Conversations at Revolution Books, NYC

November 2, 2012 | Revolution Newspaper |


Revolution Books in New York has been open since the day after Hurricane Sandy hit. Some people come to hang out, browse the books, and charge their phones (we are right on the edge of the vast no-electricity area of Southern Manhattan). Some people come to find good books to read while they can't get to work. But others want to talk about all that is happening now.
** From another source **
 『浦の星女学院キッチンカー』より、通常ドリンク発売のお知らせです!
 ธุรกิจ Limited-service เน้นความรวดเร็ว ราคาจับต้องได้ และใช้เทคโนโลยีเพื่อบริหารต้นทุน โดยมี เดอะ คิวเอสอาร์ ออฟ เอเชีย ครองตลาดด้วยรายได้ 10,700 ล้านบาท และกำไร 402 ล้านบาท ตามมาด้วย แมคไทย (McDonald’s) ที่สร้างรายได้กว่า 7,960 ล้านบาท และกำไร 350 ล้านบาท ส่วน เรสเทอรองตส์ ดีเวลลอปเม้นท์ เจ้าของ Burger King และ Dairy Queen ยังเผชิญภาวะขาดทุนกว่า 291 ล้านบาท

Most of these people, largely middle class including students and artists, have no idea what the people who catch hell every day are enduring in the aftermath of the hurricane. There are no stories on TV about the people in the public housing projects stranded on high floors with no services; no stories about Rikers Island (the New York City jail on a low-lying island), or the continuation of stop-and-frisk. What too many people think is happening is that the government is leading the process of bringing back normalcy. Those who watch the incessant TV news or listen to the radio are hearing that the government officials are proud of everyone for being resilient, helpful and patient. They hear that the Stock Exchange is already open, but not that the people in the public housing projects in the Lower East Side are still without basic human needs. They hear that the Marathon is going on as planned with people traveling from around the world to fill the hotels while thousands in the city have lost their homes.
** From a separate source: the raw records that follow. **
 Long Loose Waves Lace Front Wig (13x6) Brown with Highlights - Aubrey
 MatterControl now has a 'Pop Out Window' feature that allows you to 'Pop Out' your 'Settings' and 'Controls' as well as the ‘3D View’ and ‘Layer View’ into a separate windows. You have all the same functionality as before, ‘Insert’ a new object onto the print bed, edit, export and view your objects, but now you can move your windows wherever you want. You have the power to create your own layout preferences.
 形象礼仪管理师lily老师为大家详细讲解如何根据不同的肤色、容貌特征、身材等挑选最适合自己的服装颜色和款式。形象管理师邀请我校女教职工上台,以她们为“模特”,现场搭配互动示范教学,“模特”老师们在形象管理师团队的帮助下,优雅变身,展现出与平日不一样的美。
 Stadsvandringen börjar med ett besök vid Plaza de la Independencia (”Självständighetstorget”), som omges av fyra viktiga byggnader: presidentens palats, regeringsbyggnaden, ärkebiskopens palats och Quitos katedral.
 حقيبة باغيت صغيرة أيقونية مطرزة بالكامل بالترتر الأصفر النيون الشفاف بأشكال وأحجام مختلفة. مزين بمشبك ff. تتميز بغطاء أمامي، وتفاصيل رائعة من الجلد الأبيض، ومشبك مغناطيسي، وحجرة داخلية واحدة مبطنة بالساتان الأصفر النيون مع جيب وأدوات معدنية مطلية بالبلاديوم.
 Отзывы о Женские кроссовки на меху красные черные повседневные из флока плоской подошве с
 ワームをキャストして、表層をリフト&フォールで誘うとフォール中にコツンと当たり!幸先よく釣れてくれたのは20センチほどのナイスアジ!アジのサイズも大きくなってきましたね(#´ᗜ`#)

A particularly passionate discussion took place with an artist who doubted that things were as bad as we said. This artist lost over 20 years of his art work in Katrina. There were two reasons he gave: one was his own recent experience in his neighborhood where many people pitched in to help the elderly travel to a suburb to stay with others. But then he spoke about the utter disregard the government had during Hurricane Katrina, an orchestrated and conscious disregard for the people which he was not seeing here on the same level. We shared snippets of the stories posted at And we talked about the nature of the system itself and that there is another whole way humanity can organize itself—we asked him if he ever thought about where his cell phone came from, how it got produced etc. Is this system driven merely by people's strong desire to have more and more money, or is it a system that is at its core built off the labor of millions?

Yet another response came from the editor of a respected neighborhood newspaper who had been receiving the e-mails from Rev Books. He asked if the store could write an article describing what our teams had learned going into the hardest hit areas.

Finally, the store serves as hub for those wanting to Fight the power, and Transform the People, for Revolution. New people and veterans of the movement for revolution gather each evening to make plans for the next day—most especially organizing people to manifest against the crimes of the system.